Given information.
====

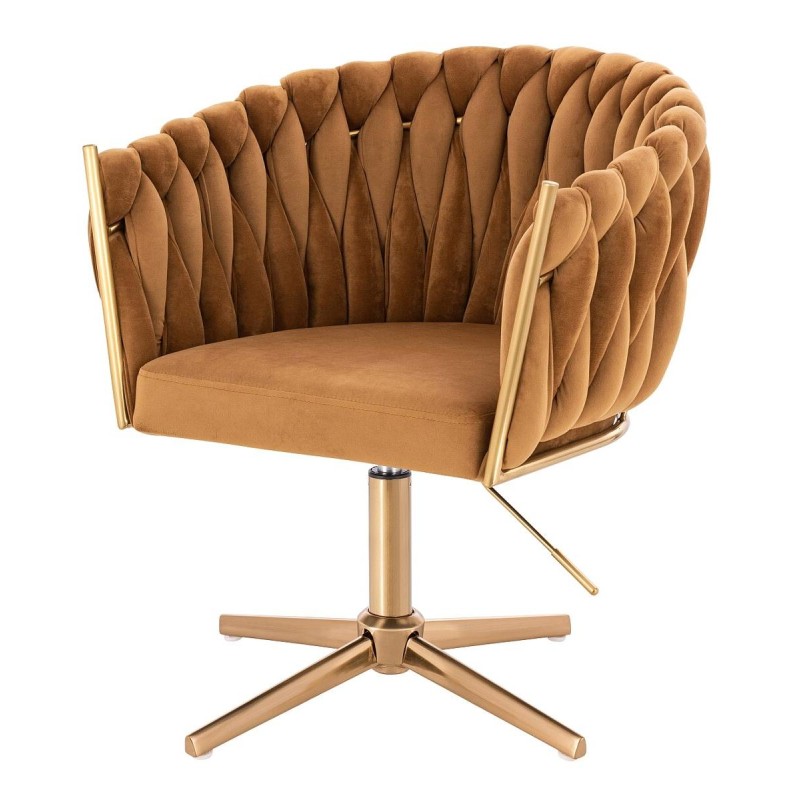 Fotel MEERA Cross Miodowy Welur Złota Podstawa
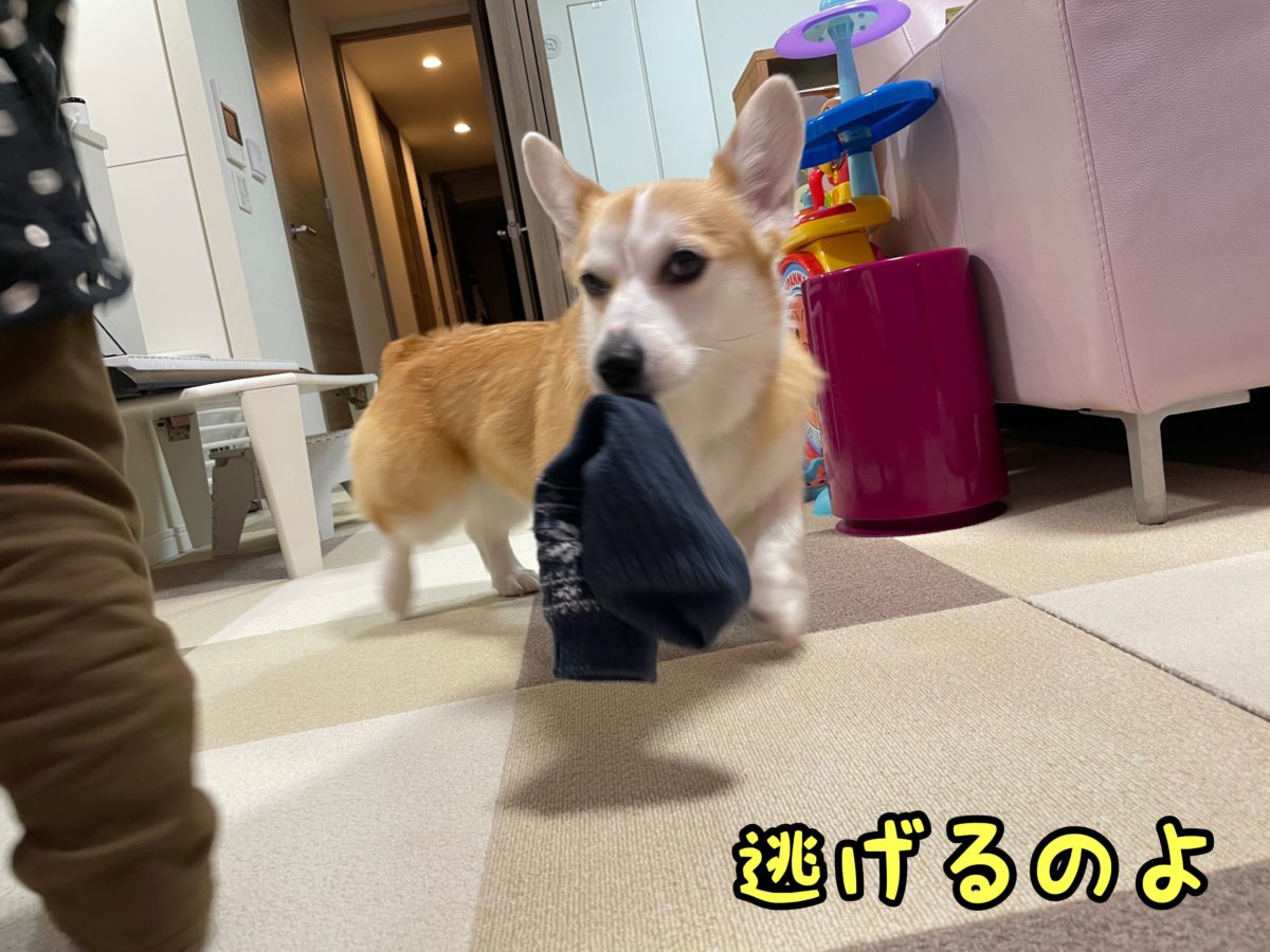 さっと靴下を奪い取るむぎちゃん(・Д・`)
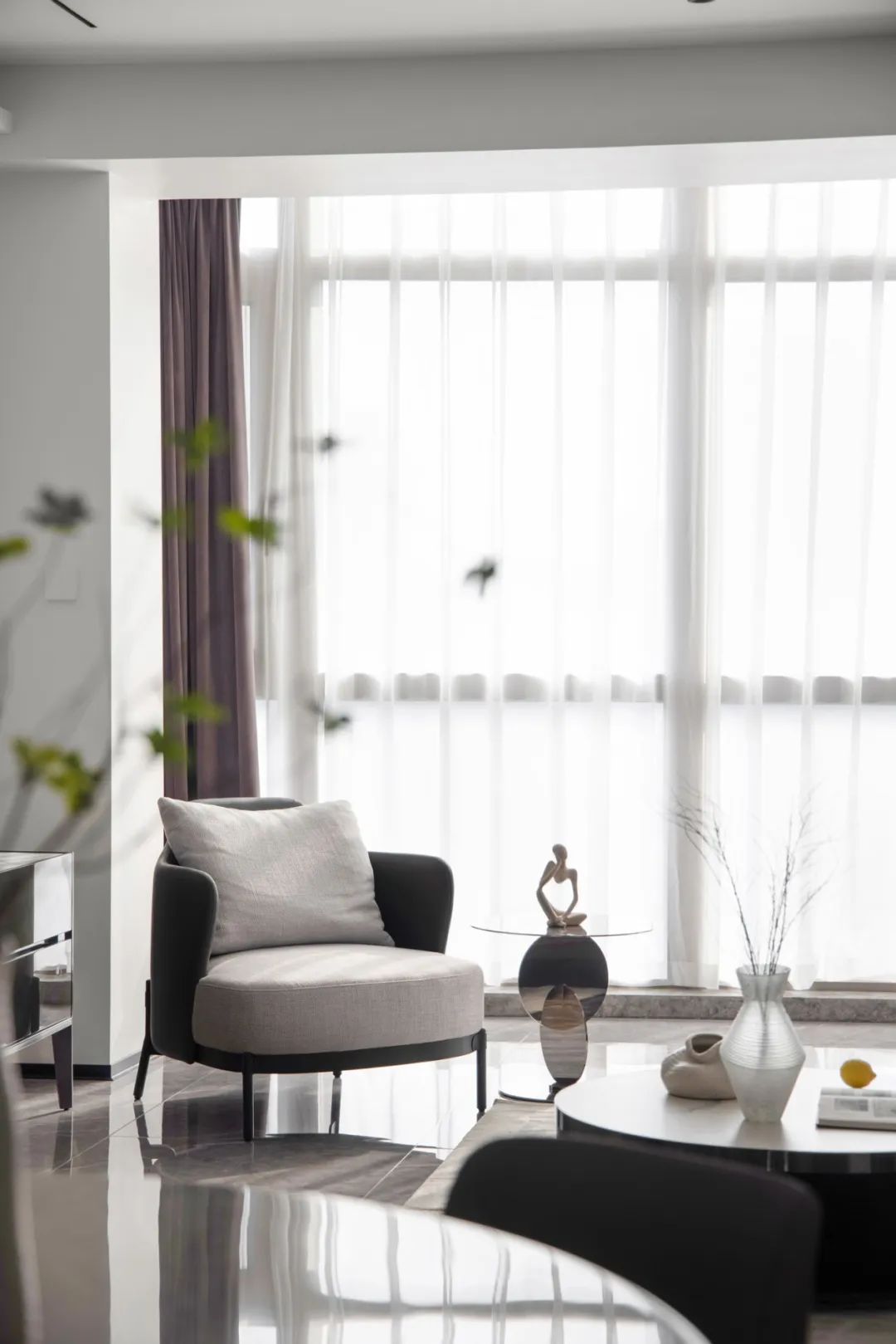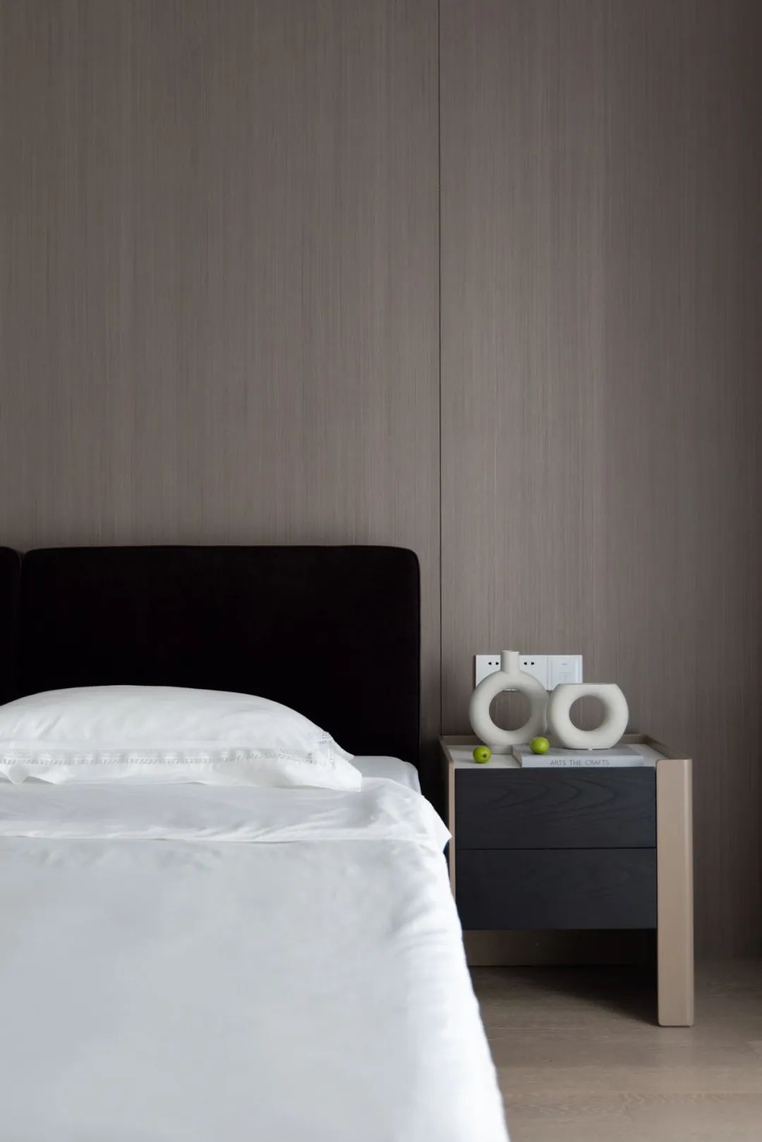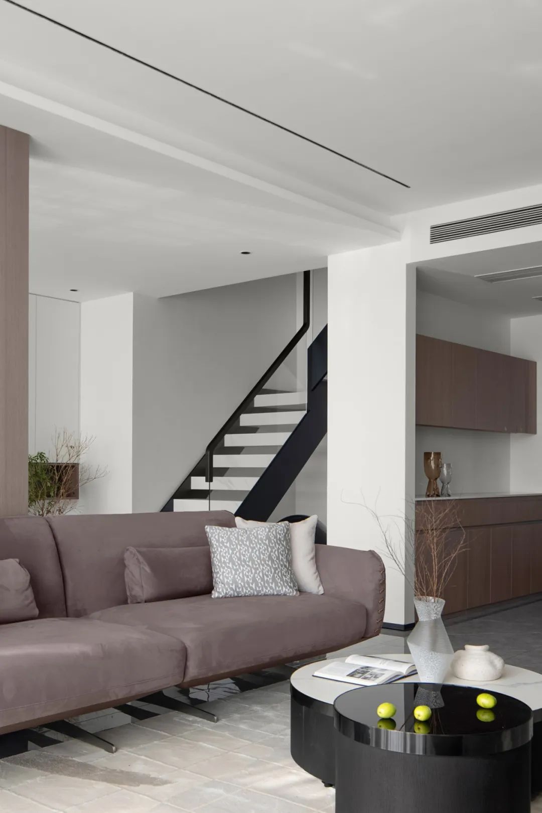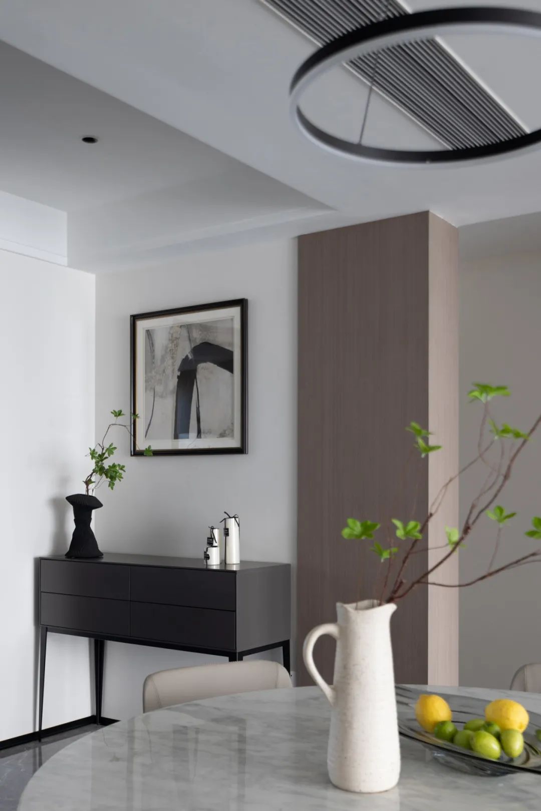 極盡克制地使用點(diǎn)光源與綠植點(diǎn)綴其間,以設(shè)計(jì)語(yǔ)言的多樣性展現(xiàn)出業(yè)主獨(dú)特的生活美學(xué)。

====

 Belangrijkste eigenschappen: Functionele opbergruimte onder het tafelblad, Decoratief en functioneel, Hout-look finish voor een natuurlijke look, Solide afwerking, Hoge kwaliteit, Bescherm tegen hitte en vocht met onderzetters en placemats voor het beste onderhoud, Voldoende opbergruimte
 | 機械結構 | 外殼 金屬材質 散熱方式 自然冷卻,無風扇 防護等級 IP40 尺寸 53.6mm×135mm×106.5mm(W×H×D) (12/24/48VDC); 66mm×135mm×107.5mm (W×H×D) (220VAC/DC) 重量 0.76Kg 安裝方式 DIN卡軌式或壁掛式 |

====

Work to complete. In the records above, find the line with "Fotel MEERA Cross". Print exactly from there through the line with "極盡克制地使用點(diǎn)", minus the pictures.

Solution to this task.
 Fotel MEERA Cross Miodowy Welur Złota Podstawa
 さっと靴下を奪い取るむぎちゃん(・Д・`)
 極盡克制地使用點(diǎn)光源與綠植點(diǎn)綴其間,以設(shè)計(jì)語(yǔ)言的多樣性展現(xiàn)出業(yè)主獨(dú)特的生活美學(xué)。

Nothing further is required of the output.